Exercise inputs |
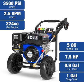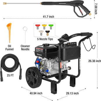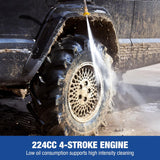 - Reliable Performance - Easy to start with 7.5HP 224cc 4-stroke single-cylinder OHV engine that generate 9.96ft-lbs torque, this pressure washer is specialize in deck cleaning, wood restoration, paint preparation, and all other professional services.
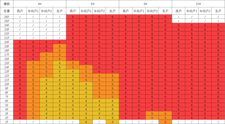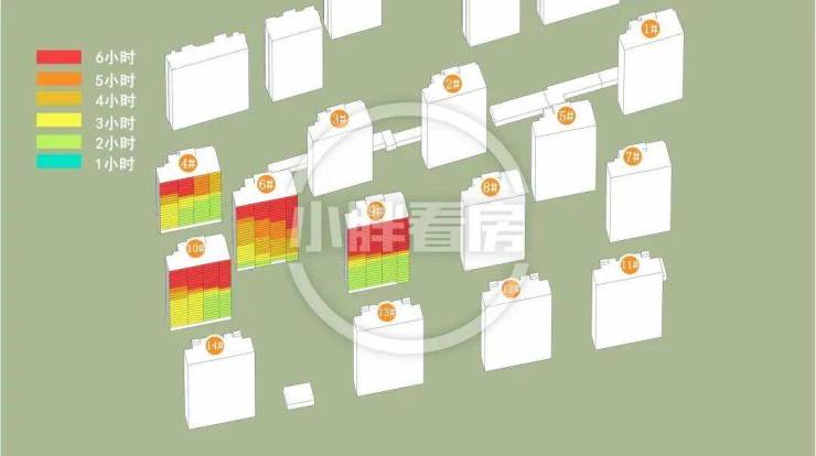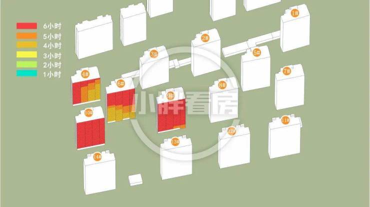 10#采光优异几乎不存在遮挡。4#6#中低层受遮挡。9#低层受遮挡。就具体遮挡时间而言,4#主要在上午受6#遮挡。6#主要在上午和下午受9#10#遮挡。9#主要在上午受12#遮挡。
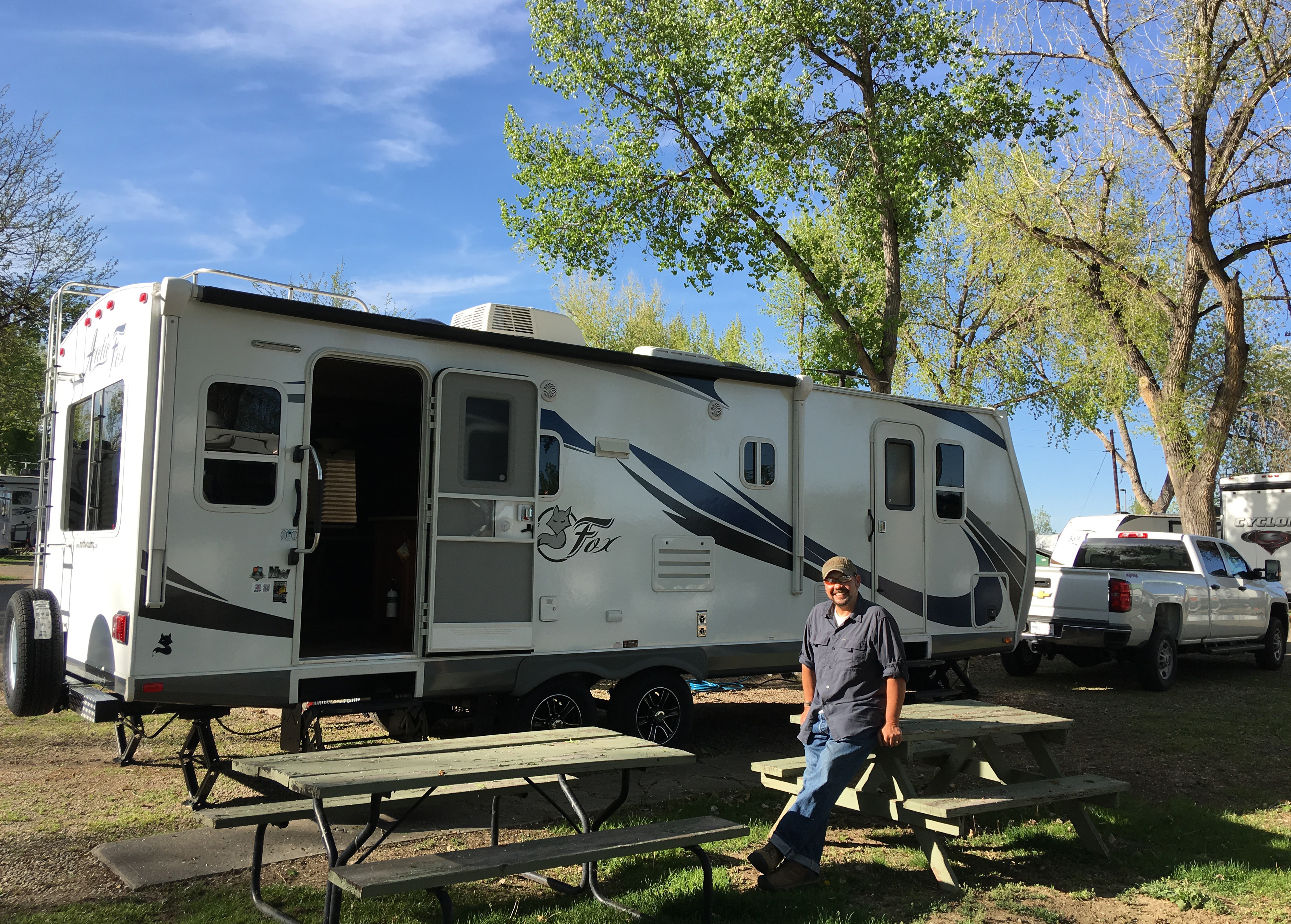 Since Michael’s job in Macon was finishing up, we packed up our minimalist apartment in a U-Haul trailer and donated some of the stuff we knew we couldn’t fit into the travel trailer to charity. On May 5, 2016, we drove from Macon, Georgia to White Stone, Virginia to drop off some more of our stuff at the Danko family home and visit with some of my family there. Next, we towed our U-Haul trailer to Longmont, Colorado, moved our stuff into a small storage unit there for a day, picked up our new Arctic Fox, and then moved our stuff into our new “home on wheels!” We spent our first nights in “Foxy” at the Loveland RV Resort in Loveland, Colorado.
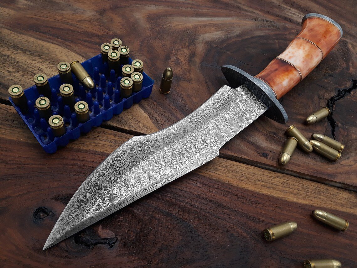 RK-488 Beautiful Damascus Hunting Camping Knife Damascus Steel Knives Camel Bone Handle Best Knife Collection Gift For Him , Her USA made
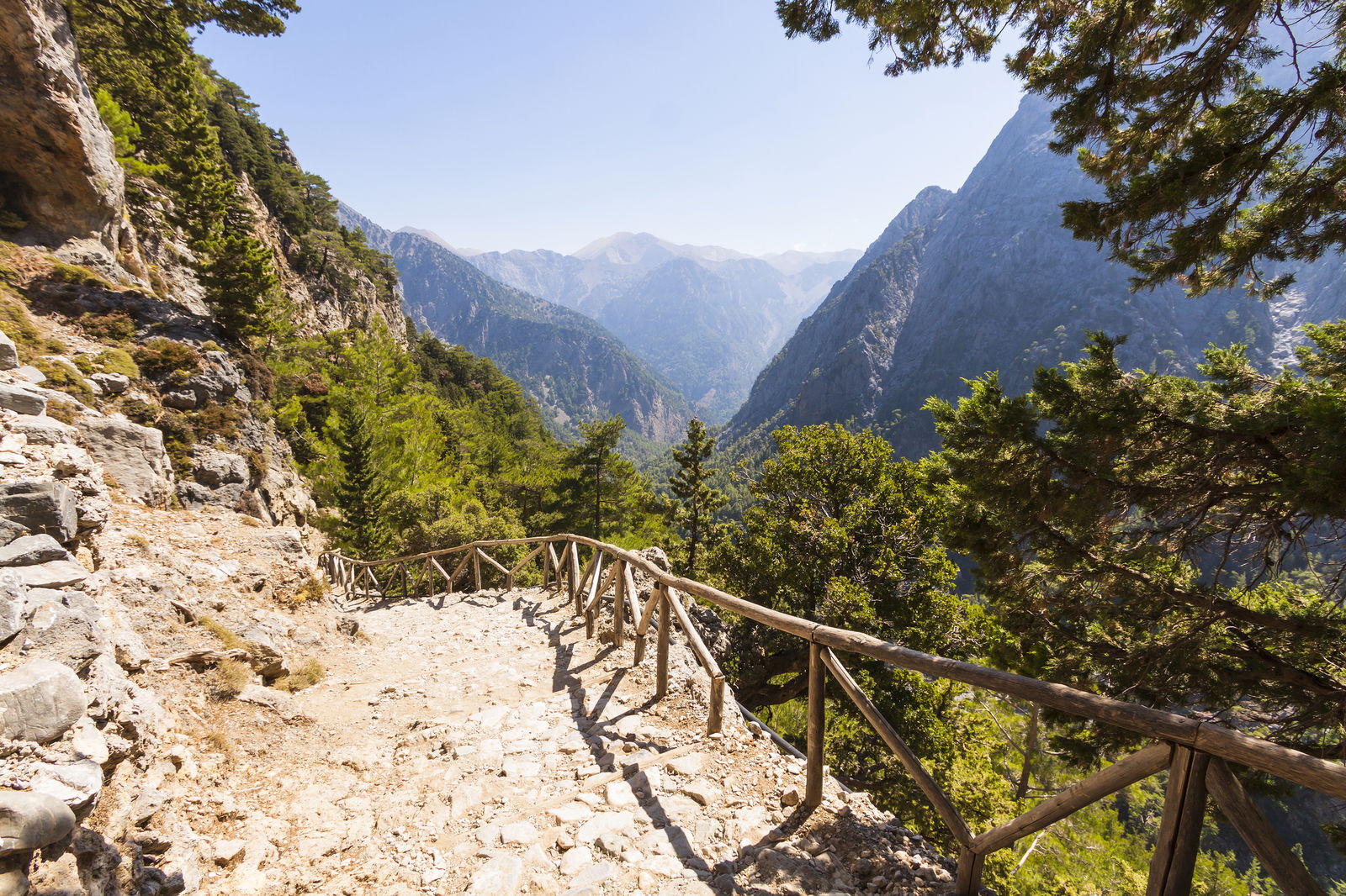 Head to Samaria Gorge from Chania to hike through white mountains. The hike features ancient forests, rivers, and mountain views.
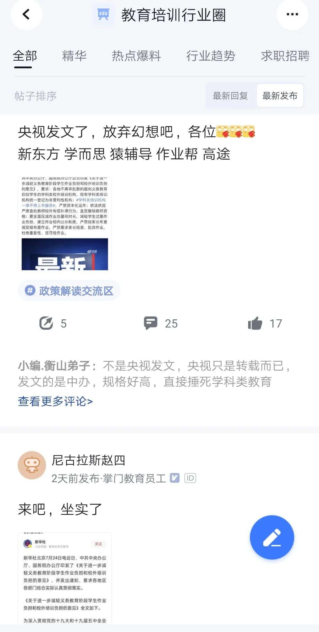 脉脉上教育培训的职场圈子里,讨论是从24日前一日开始的。23日,“双减”文件在市面上流传,随后多地教育机构有关人士相继确认收到相关文件。
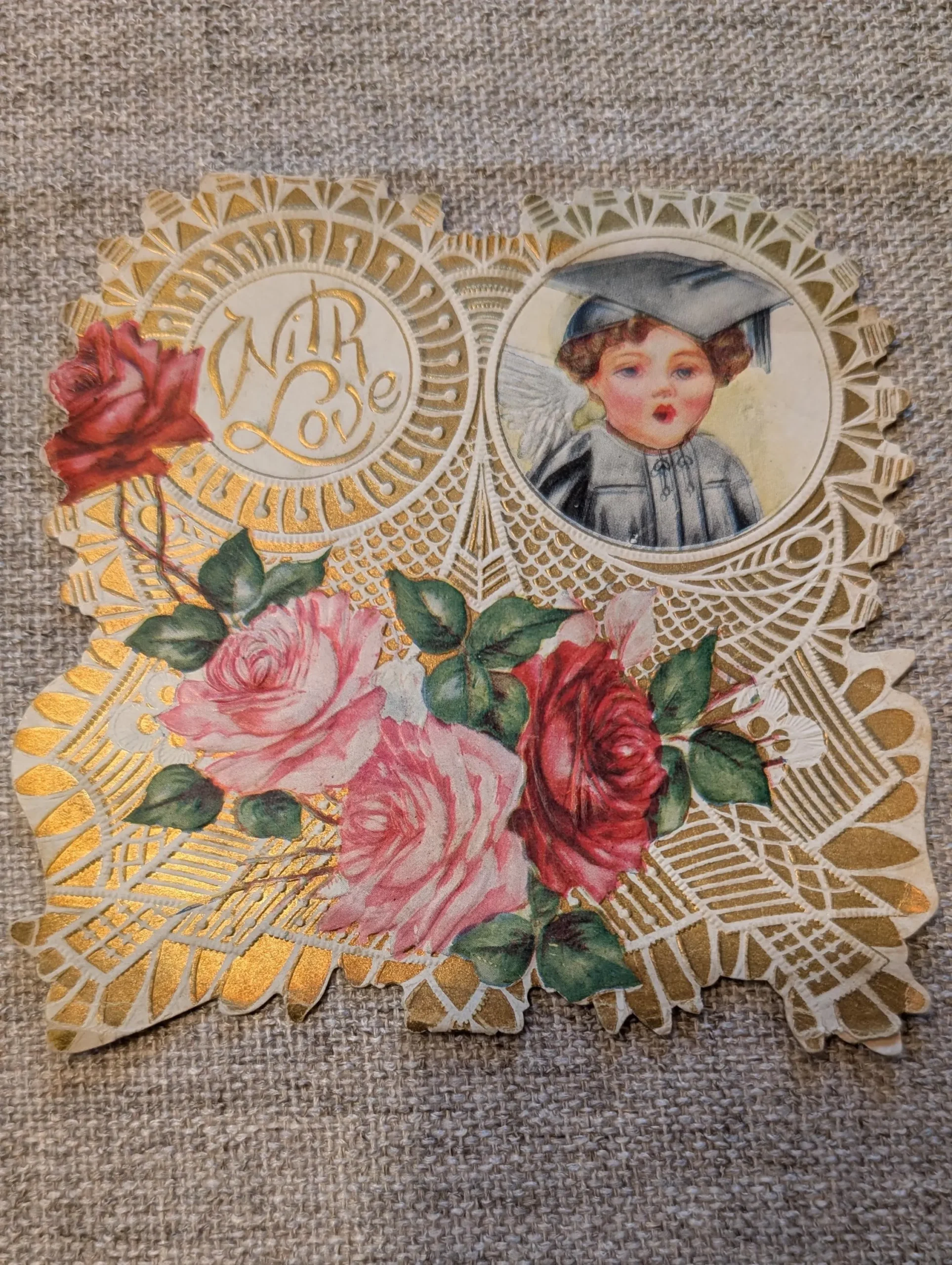 With Love….A vintage valentine printed with roses and a sweet scholar child. The valentine has a decorative cutout edge and lifts to reveal a message. Dating from about the 1910’s, the size of the valentine is 4-1/2″ square. Condition is quite good considering the decorative edging. A few slight bends which would be very common.
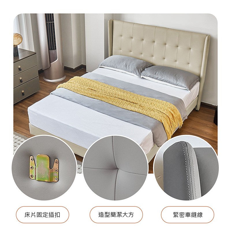 台灣訂製客製化貓抓皮方格插頭6尺床雙人加大床雙人床床組床台【235C1903-2】Leader傢居館

Brief |
Everything from the first line of the entries above through the line with "10#采光优异几乎不存在遮挡" should be duplicated exactly, except the pictures.

Your solution |
 - Reliable Performance - Easy to start with 7.5HP 224cc 4-stroke single-cylinder OHV engine that generate 9.96ft-lbs torque, this pressure washer is specialize in deck cleaning, wood restoration, paint preparation, and all other professional services.
 10#采光优异几乎不存在遮挡。4#6#中低层受遮挡。9#低层受遮挡。就具体遮挡时间而言,4#主要在上午受6#遮挡。6#主要在上午和下午受9#10#遮挡。9#主要在上午受12#遮挡。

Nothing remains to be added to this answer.